**PROBLEM STATEMENT**
Whenever a line below holds the word "also", count it; please give only the final number.

**RECORDS TO USE**
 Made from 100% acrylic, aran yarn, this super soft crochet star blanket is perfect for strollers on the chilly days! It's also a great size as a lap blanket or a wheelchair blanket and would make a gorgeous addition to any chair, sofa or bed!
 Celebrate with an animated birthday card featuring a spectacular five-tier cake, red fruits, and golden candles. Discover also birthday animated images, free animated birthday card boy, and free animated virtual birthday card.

...

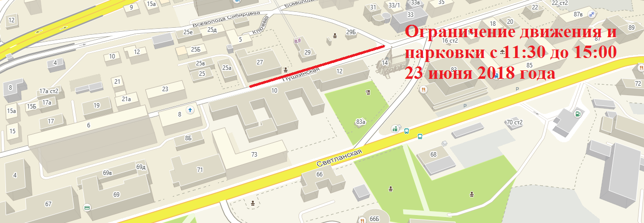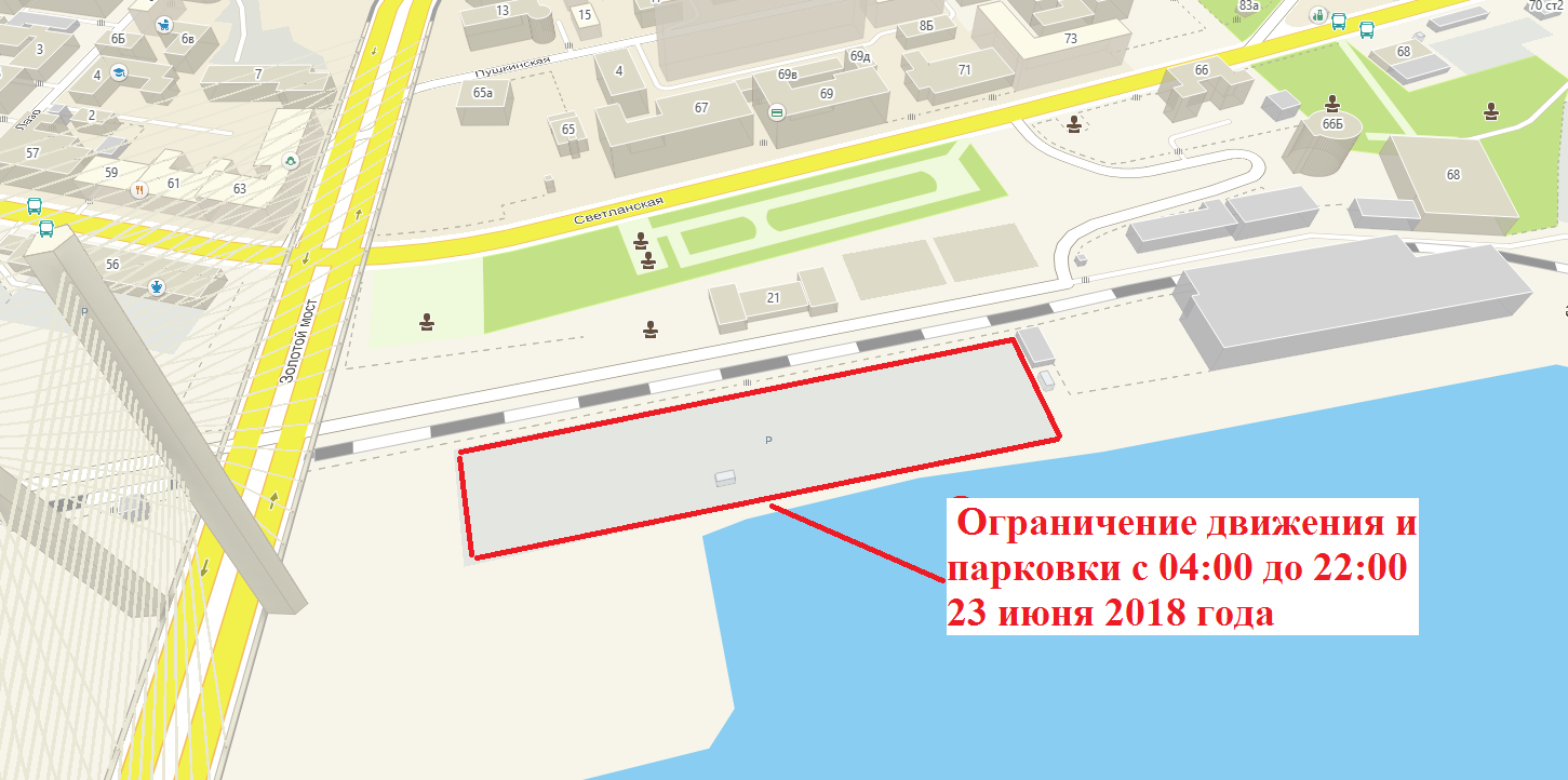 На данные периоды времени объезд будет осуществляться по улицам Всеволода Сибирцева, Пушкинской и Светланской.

* * *

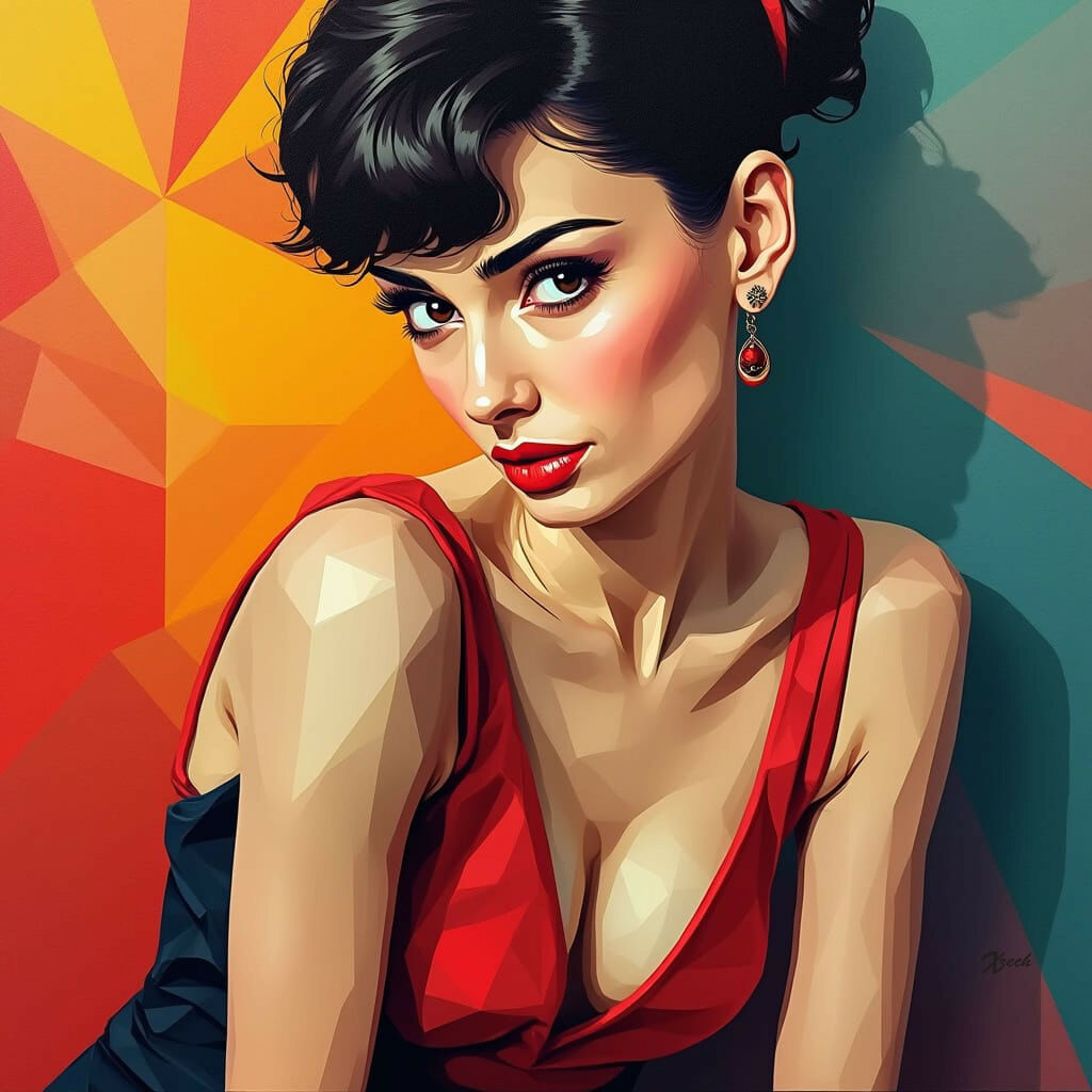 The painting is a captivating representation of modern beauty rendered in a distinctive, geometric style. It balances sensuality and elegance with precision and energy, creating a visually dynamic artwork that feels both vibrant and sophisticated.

**ANSWER BOX**
2